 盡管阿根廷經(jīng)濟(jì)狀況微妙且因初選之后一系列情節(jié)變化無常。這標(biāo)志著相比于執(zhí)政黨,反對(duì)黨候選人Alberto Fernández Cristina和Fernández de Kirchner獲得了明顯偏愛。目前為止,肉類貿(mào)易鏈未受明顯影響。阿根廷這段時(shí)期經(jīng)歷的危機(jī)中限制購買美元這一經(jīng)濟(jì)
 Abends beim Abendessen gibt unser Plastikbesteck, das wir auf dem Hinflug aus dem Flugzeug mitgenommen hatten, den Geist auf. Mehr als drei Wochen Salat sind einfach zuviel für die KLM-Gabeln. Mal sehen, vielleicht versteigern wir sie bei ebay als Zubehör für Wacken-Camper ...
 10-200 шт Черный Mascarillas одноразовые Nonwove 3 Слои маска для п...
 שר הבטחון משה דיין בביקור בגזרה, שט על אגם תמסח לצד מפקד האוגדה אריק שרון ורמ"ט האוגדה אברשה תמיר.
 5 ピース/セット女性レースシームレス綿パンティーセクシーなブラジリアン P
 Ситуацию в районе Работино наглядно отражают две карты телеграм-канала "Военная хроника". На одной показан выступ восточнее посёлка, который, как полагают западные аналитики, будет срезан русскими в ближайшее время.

----------

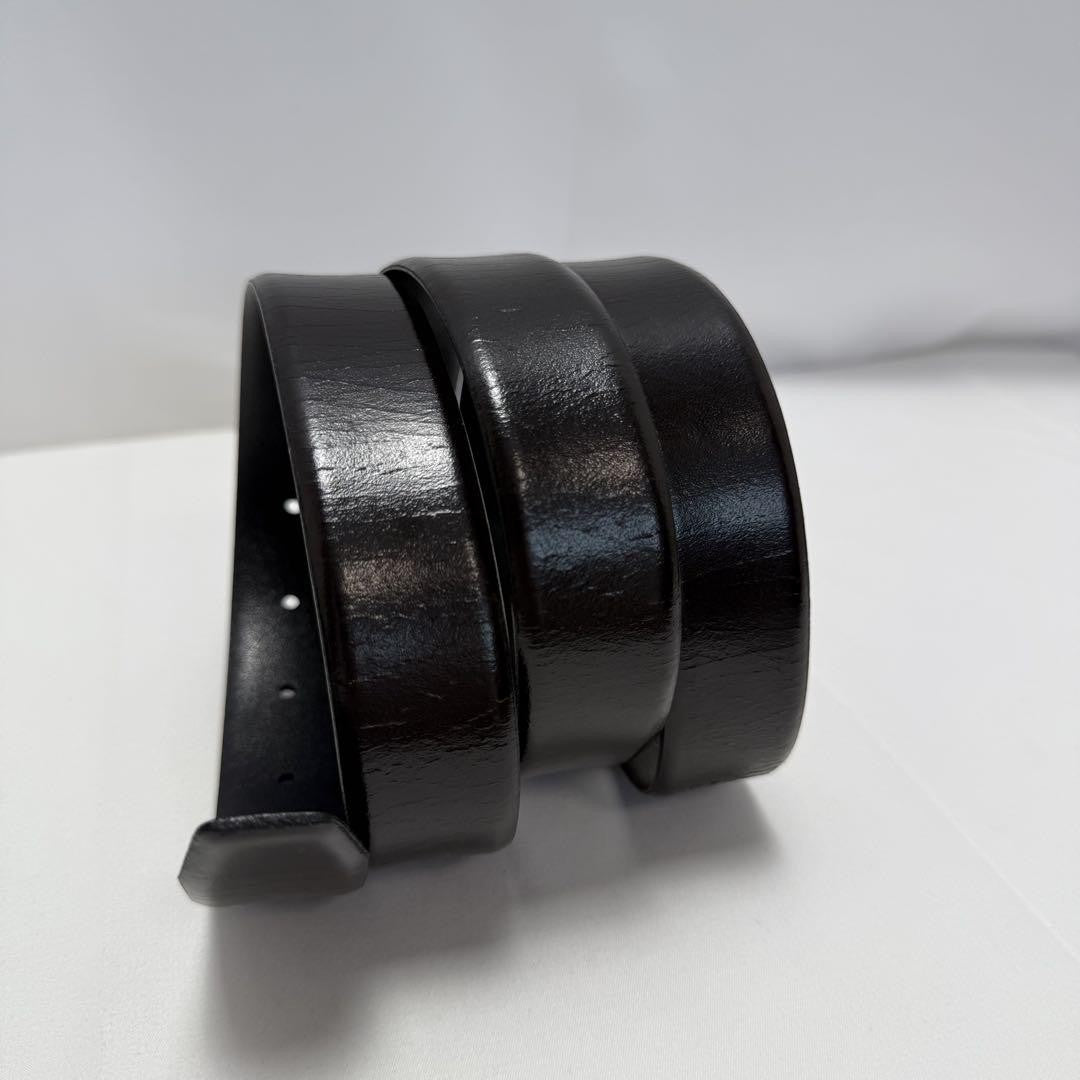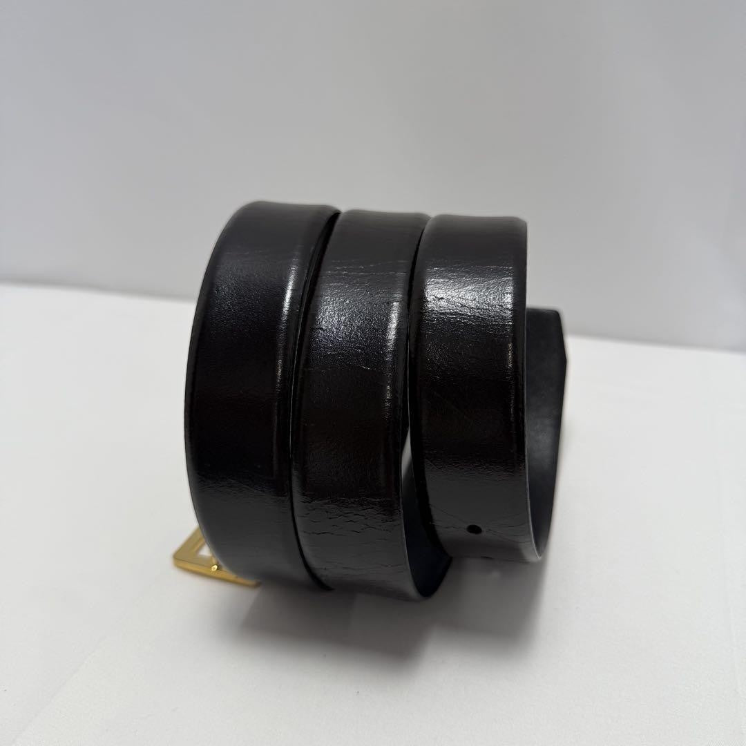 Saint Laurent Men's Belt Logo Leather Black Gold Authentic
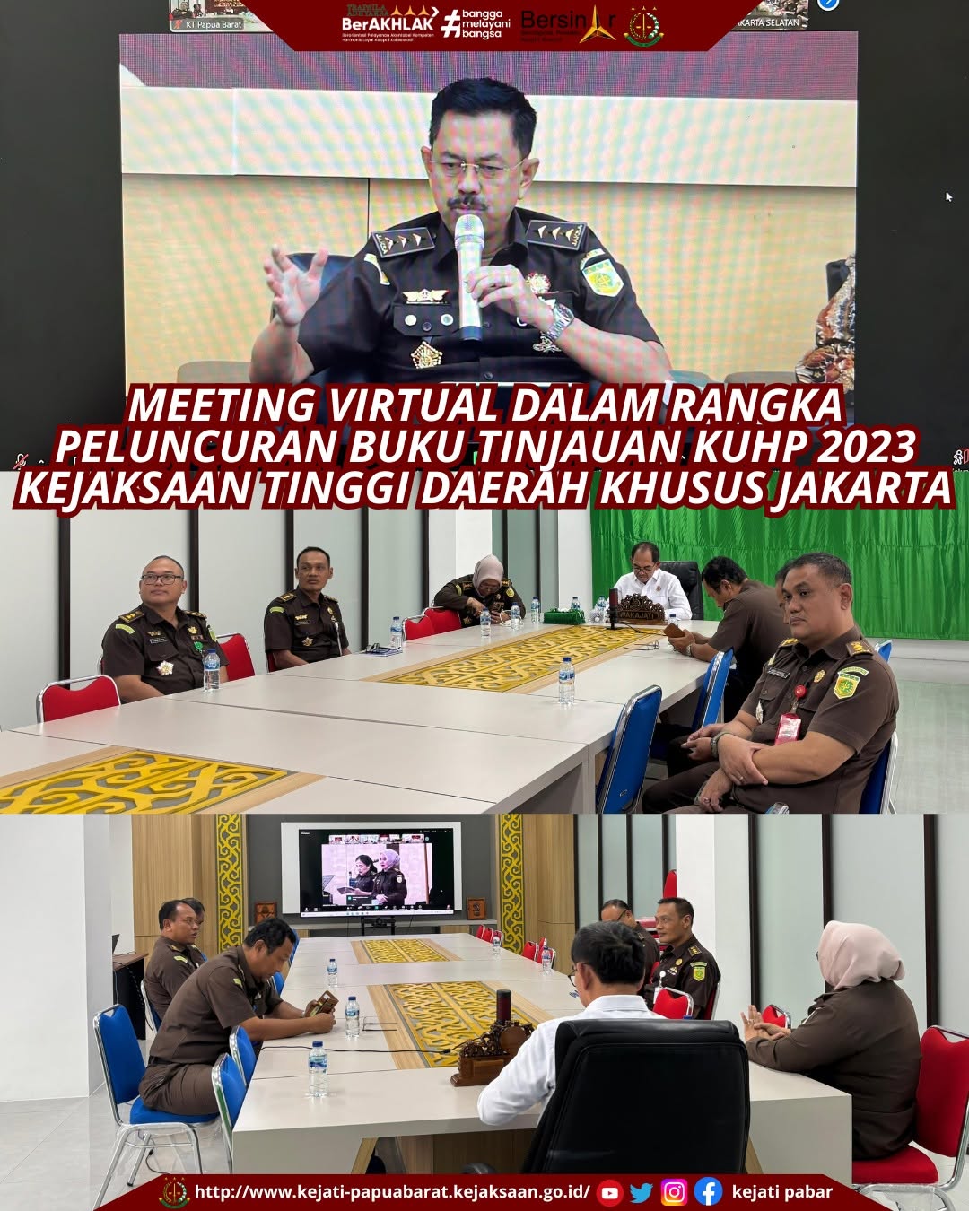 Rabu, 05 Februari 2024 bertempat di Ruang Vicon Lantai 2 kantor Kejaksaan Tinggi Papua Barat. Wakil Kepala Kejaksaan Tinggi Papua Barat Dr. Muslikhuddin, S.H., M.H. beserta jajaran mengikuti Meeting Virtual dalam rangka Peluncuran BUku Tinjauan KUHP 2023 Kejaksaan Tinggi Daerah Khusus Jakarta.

----------

=== What the task requires ===
Once the line with "שר הבטחון משה" is found in the records above, print exactly that line and every line after it through the line with "5 ピース/セット女性レースシームレス綿パンティーセクシーなブラジリアン P".

=== Response ===
 שר הבטחון משה דיין בביקור בגזרה, שט על אגם תמסח לצד מפקד האוגדה אריק שרון ורמ"ט האוגדה אברשה תמיר.
 5 ピース/セット女性レースシームレス綿パンティーセクシーなブラジリアン P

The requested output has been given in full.